Le plus clair en matière de hasard et de destinée, est Georg Philipp Friedrich, baron von Hardenberg, ayant choisi comme pseudonyme Novalis et non Hasard, un pseudonyme déjà emprunté par Dieu lui-même. Voici un auteur remarquable méconnu de ce côté du Rhin dont le destin, abrégé par la maladie, est interrompu à l’âge de  vingt-neuf ans, en 1801, laissant derrière lui une oeuvre gigantesque comprenant notamment Hymne à la nuit, les Fragments, Brouillon général ou les Disciples à Saïs, sans oublier son roman inachevé, peut-être le plus connu : Henri d’Ofterdingen. Novalis recherchait le système de l’absence de système, de quoi largement occuper sa vie si tristement écourtée qui ne l’empêchera pas d’être un auteur incroyablement prolifique. Novalis à propos du destin, écrit tout simplement : le destin, c’est le caractère. Voilà qui est fort bien trouvé, clair, limpide et précis. Tout dans le destin de l’homme est dans son caractère. Ce ne sont pas de Gaulle ou Churchill qui vont contredire Novalis. Personne ne peut le contredire.
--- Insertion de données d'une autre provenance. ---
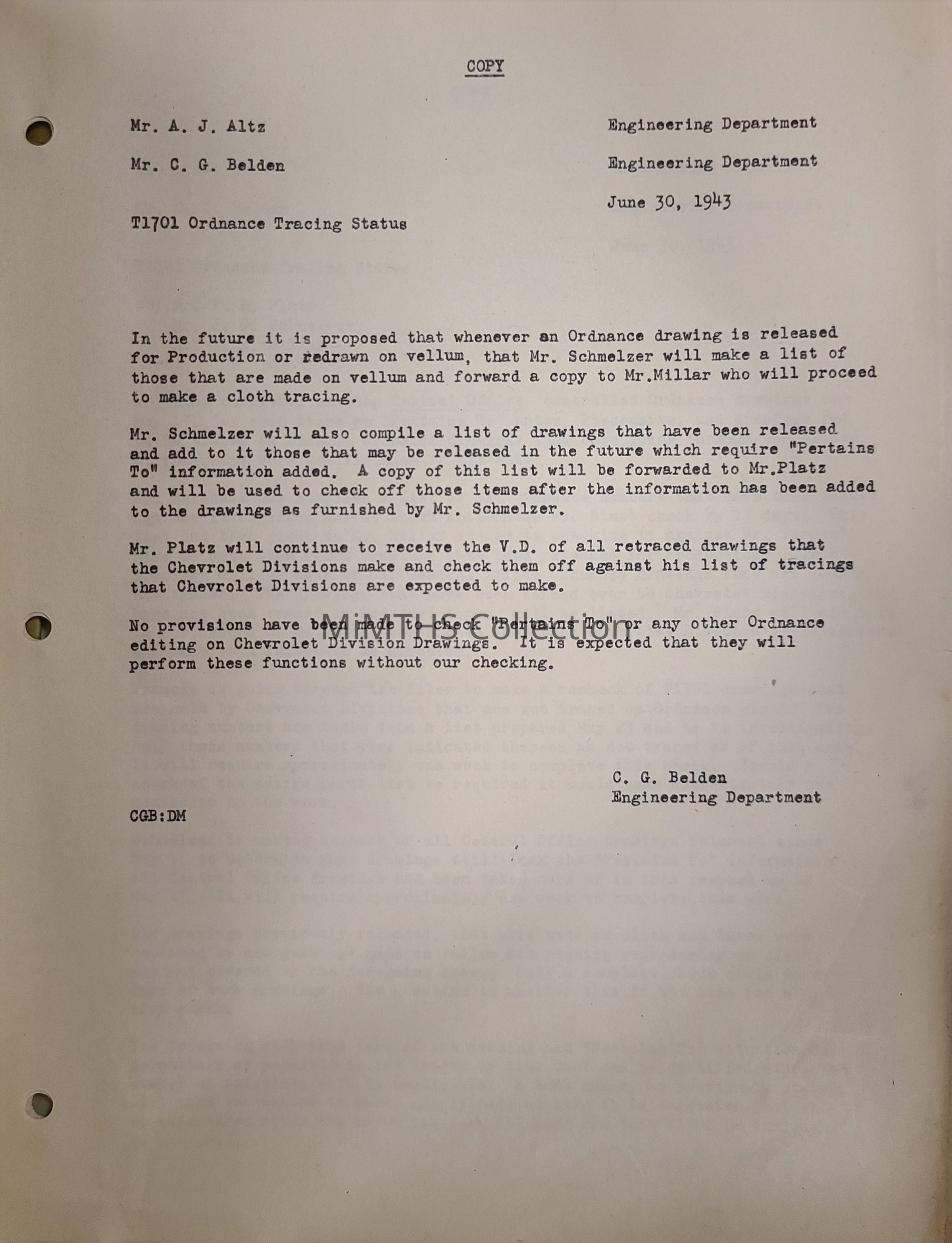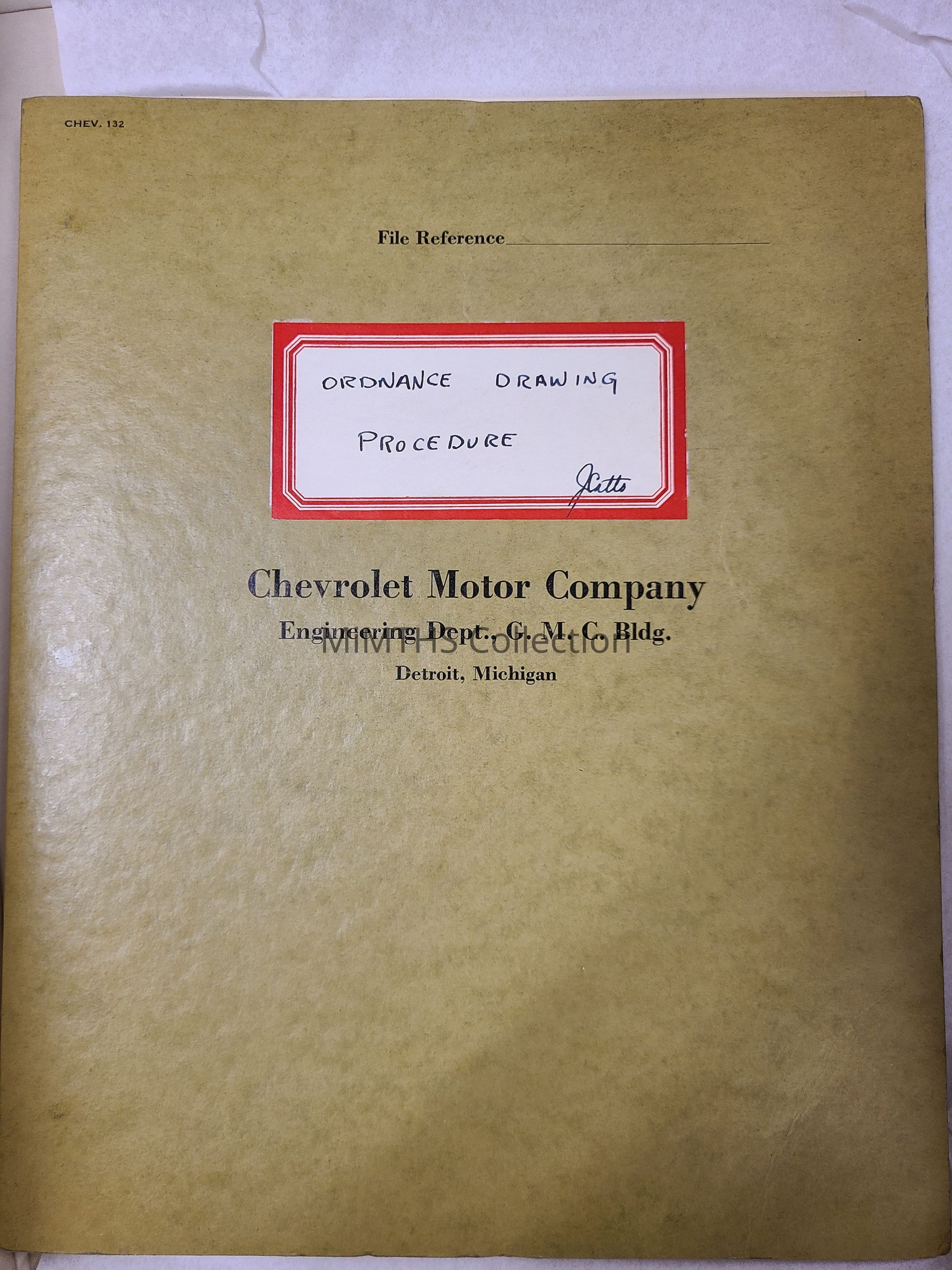 File Reference from Chevrolet Motor Company, Detroit, Mich, 1943. On Ordnace Drawing Procedures

Le caractère mène l’homme, et la femme bien évidemment, à leur destin.

Pour revenir à la phrase de la grand-mère de cette lectrice dont le destin est d’admirer l’auteur virtuel, ce qui n’est pas rien et assez rare, il me semble qu’il faudrait plutôt inverser l’ordre de l’expression et dire plutôt : Meurs où tu dois, vas où tu veux. C’est un peu comme lorsque  l’héroïne de Corneille, Chimène, déclare son amour à Rodrigue, Va, je ne te haïs point, nous sommes en circonstances banales, en pleine affirmation hasardeuse qui pourtant a tout d’une certitude.

Ce qui me fait penser, allez savoir pourquoi, à cette phrase inscrite sur la tombe d’Isis : Je suis tout ce qui fut, ce qui est, ce qui sera et aucun mortel n’a encore osé soulever mon voile.

Isis

En attendant, si vous avez découvert l’existence de Novalis ou si vous avez envie de lire un peu ouvrage l’un de ces remarquables ouvrages, je ne pourrais que me féliciter d’avoir consacré un peu de mon destin à le faire connaître. car quelqu’un qui écrit : le christianisme est la racine de toute démocratie, le plus haut fait dans les droits des hommes, est  un auteur qui mérite en ces temps d’idioties, de bêtises et de sauvageries si communes que l’on prenne le temps de le lire.